| WORK REQUEST |
Omit all pictures. Quote only the lines from the one with "It is preferable" through the end of the material below.
RECORD EXTRACTS Block Start
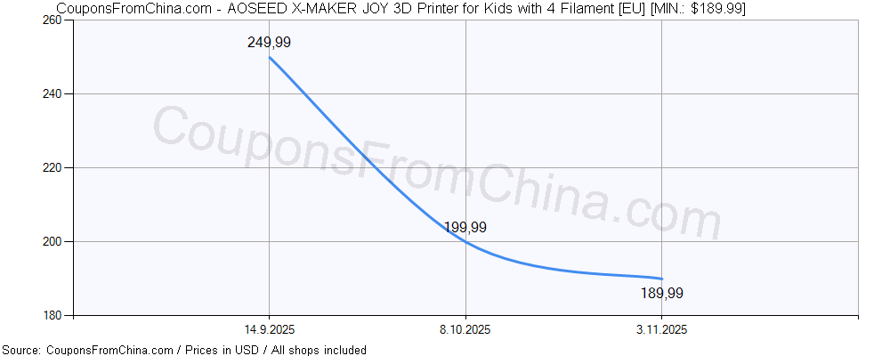![AOSEED X-MAKER JOY 3D Printer for Kids with 4 Filament [EU] price history Price history for AOSEED X-MAKER JOY 3D Printer for Kids with 4 Filament [EU]](https://couponsfromchina.com/pricehistory/History54052.png)
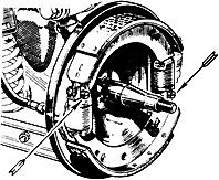 It is preferable to visually inspect front drum brake systems where two cylinders are used. Back off the adjusters to permit the removal of the drum. Get a helper to push the pedal gently. Observe the action of the cylinders' pistons - only one cylinder may be working, while the other may be stuck. That will stop the wheel, but not very well. If the cylinder does not retract fully when pressure is released you can see right away that it will have to be rebuilt.
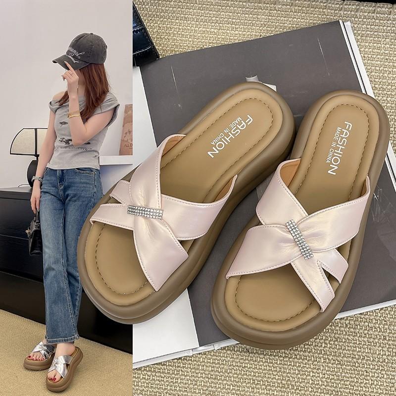 French Thick-bottomed Cool Slippers for Women's Summer Outer Wear 2025 New Cross-strapped Flat-bottomed High-end Skirt One-word Slippers
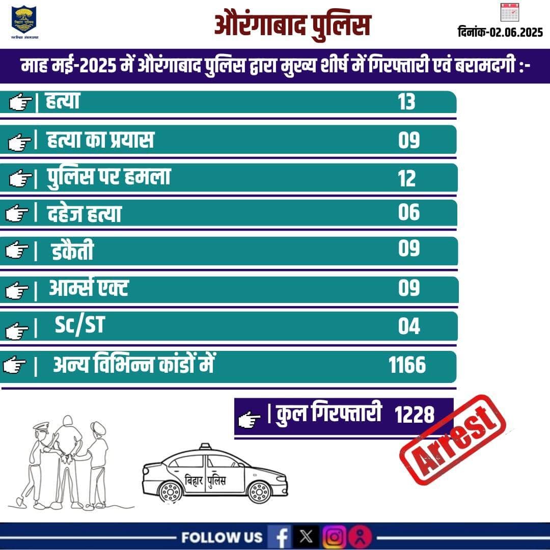 मई माह-2025 में औरंगाबाद पुलिस द्वारा मुख्य शीर्ष में गिरफ्तारी एवं बरामदगी... . . #HainTaiyarHum #aurangabadpolice
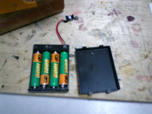 ●使用する電池です。 インドアレーサーは、車体内部に小型の充電池(ニッケル水素120mAh:3本)が装着 されていましたが・・・ 単4の充電池(4本)を使用して試す事にしました。(^^;
RECORD EXTRACTS Block End
| SOLVED EXERCISE |
 It is preferable to visually inspect front drum brake systems where two cylinders are used. Back off the adjusters to permit the removal of the drum. Get a helper to push the pedal gently. Observe the action of the cylinders' pistons - only one cylinder may be working, while the other may be stuck. That will stop the wheel, but not very well. If the cylinder does not retract fully when pressure is released you can see right away that it will have to be rebuilt.
 French Thick-bottomed Cool Slippers for Women's Summer Outer Wear 2025 New Cross-strapped Flat-bottomed High-end Skirt One-word Slippers
 मई माह-2025 में औरंगाबाद पुलिस द्वारा मुख्य शीर्ष में गिरफ्तारी एवं बरामदगी... . . #HainTaiyarHum #aurangabadpolice
 ●使用する電池です。 インドアレーサーは、車体内部に小型の充電池(ニッケル水素120mAh:3本)が装着 されていましたが・・・ 単4の充電池(4本)を使用して試す事にしました。(^^;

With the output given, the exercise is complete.